- Born: 1 January 1936 Šavnik, Yugoslavia (now Montenegro)
- Died: 1 August 2016 (aged 80) Montenegro
- Known for: Believed incorrectly to be the last Montenegrin sworn virgin

= Stana Cerović =

Montenegrin sworn virgin

Stana Cerović (1936–August 1, 2016) was a Montenegrin sworn virgin in rural Montenegro. He was part of the practice that permitted Albanian and Montenegrin people who were assigned female at birth to take on the gender role of men. By the time of his death, he was known, incorrectly, as the last such virgin in the country.

==Biography==
Stana Cerović was born in 1936 in a tiny village near Šavnik, Montenegro, as the daughter of Anda and Milivoj Cerović. He had four sisters and two brothers. Both brothers died in childhood, and Cerović promised his father that he would continue to look after the family and live as a man. He began dressing as a man, and only socialised with men. Cerović began to smoke when he was five, and worked in the fields on his father's farm at seven. At a young age his mother was resistant of the masculine qualities that Cerovic's father was reinforcing, and before Cerovic's oath was taken, his mother continuously tried to change his dressing, and the chores he carried out. Cerović learned traditionally male skills, including being taught to shoot by his father.

Cerović showed a passion for hunting and shooting throughout his life, and typically joined the men on their wolf hunts, despite not having a hunting license. When a shooting club was founded in a nearby village, he applied for membership, but was turned down. He later showed up at a tournament organized by the club, and after seeing all the men miss the mark, he took it upon himself to leave the audience and grab a rifle. His first shot hit the mark proving that he was an excellent marksman.

This was all part of becoming a sworn virgin, a traditional Balkan cultural institution whereby females would take on the role of men and remain unmarried and without children throughout their life. Over time, this practice became accepted, because it was not regarded as conflicting with any of the three major religions practised in the Balkan region; Islam, Roman Catholicism, and Eastern Orthodox Christianity.
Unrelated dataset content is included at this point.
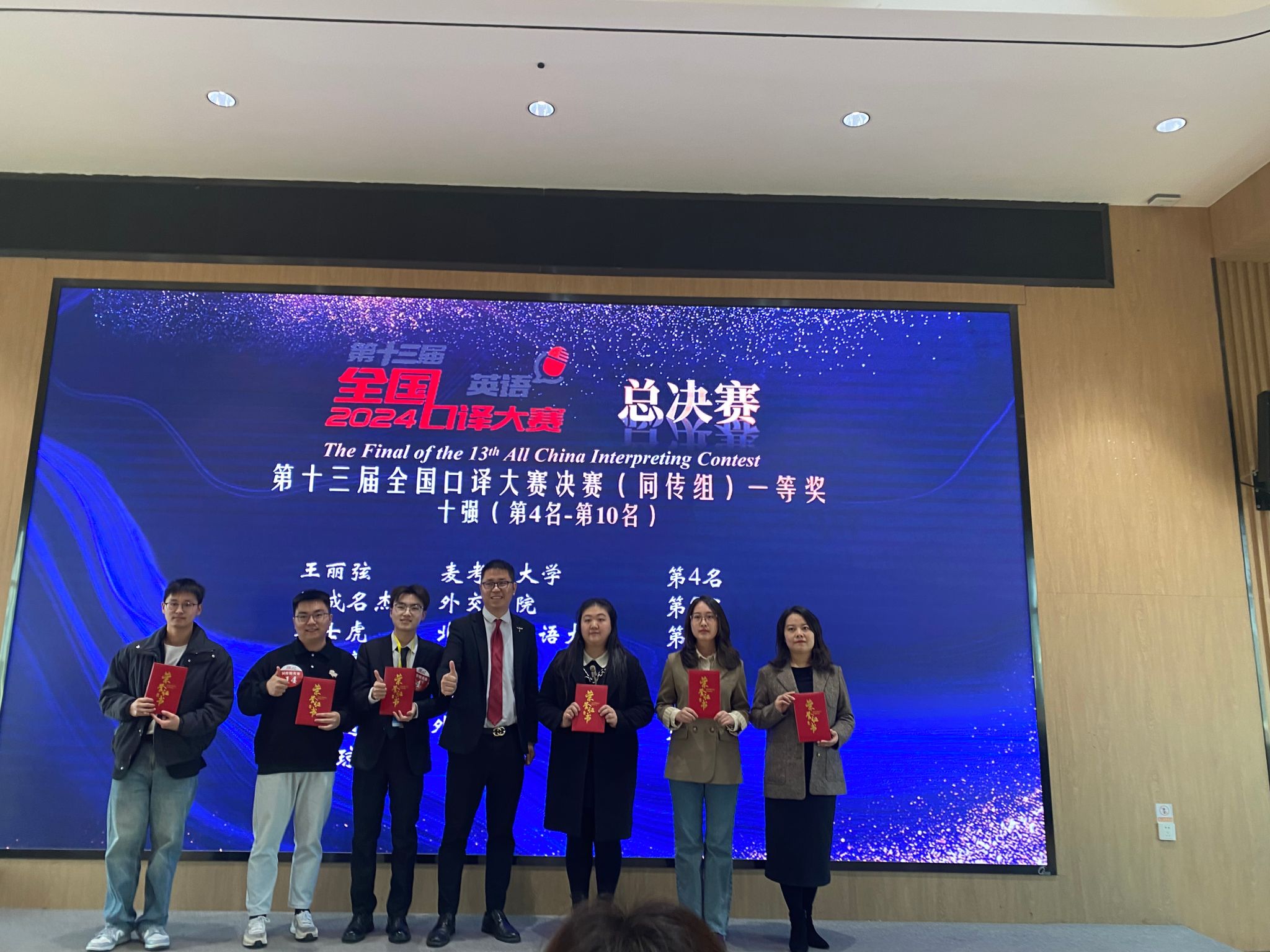 同传组决赛中,2021级翻译本科生章瓦尔获冠军,2023级MTI研究生顾书宁进入十强,获得一等奖(全国第八名),2023级MTI研究生曾轶涵获全国二等奖。交传组决赛中,2021级翻译专业本科生章瓦尔获冠军,2023级MTI研究生熊玺媛进入十强精英赛,获得一等奖(全国第九名)。此外,2023级MTI研究生曾轶涵、李丁一、2022级英语专业本科生徐成成获全国一等奖。

Although many sworn virgins were forced into the practice due to familial needs, or blood feuds, Cerović was proud of his masculine identity and believed that it was nature that was at fault for his biological sex. He continued to live in his village for his entire life, raising cattle. When Cerović was around 17 years old, he became head of the household and remained in his parents′ home following their deaths, where he looked after his sisters. Following the death of his closest sister Vukosava, he became very distraught. Vukosava was the sister that typically helped him with most of his tasks in the fields, and they worked together often as brother and sister.
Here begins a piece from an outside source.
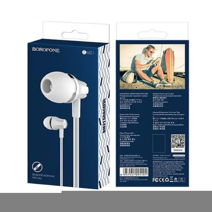 Наушники Borofone M21 Graceful, вакуумные, микрофон, Jack 3.5 мм, кабель 1.2 м, белые — Характеристики
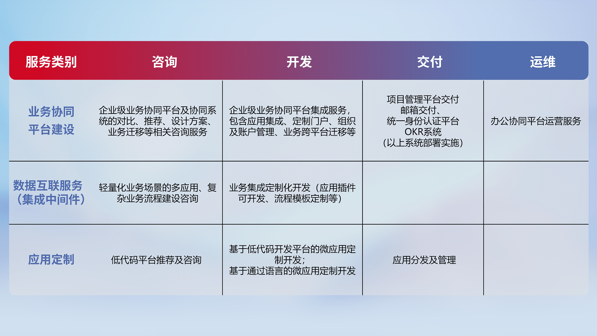 针对钉钉、、、、企微、、、IDaas等平台级产品提供产品的规划、、、方案、、交付、、、定制化开发等服务,,实现如统一协同办公、、、、智能客户服务、、混合会议管理、、、智能数据查询、、等业务场景,,,实现数字化转型。。。。

After being injured by one of his cattle in 2015, he sold them off. After being featured on Montenegrin television, offers of assistance to Cerović were made from around the country, such as travelogues offering him more exposure to the public eye, and news articles asking for monetary aid on his behalf. The local authorities arranged for him to be moved to a care home in 2016 at a house in Risan for the elderly poor. It was reported by Montenegrin state television in early August 2016 that he had died. At the time of his death, he was considered, incorrectly, to be the last sworn virgin in Montenegro.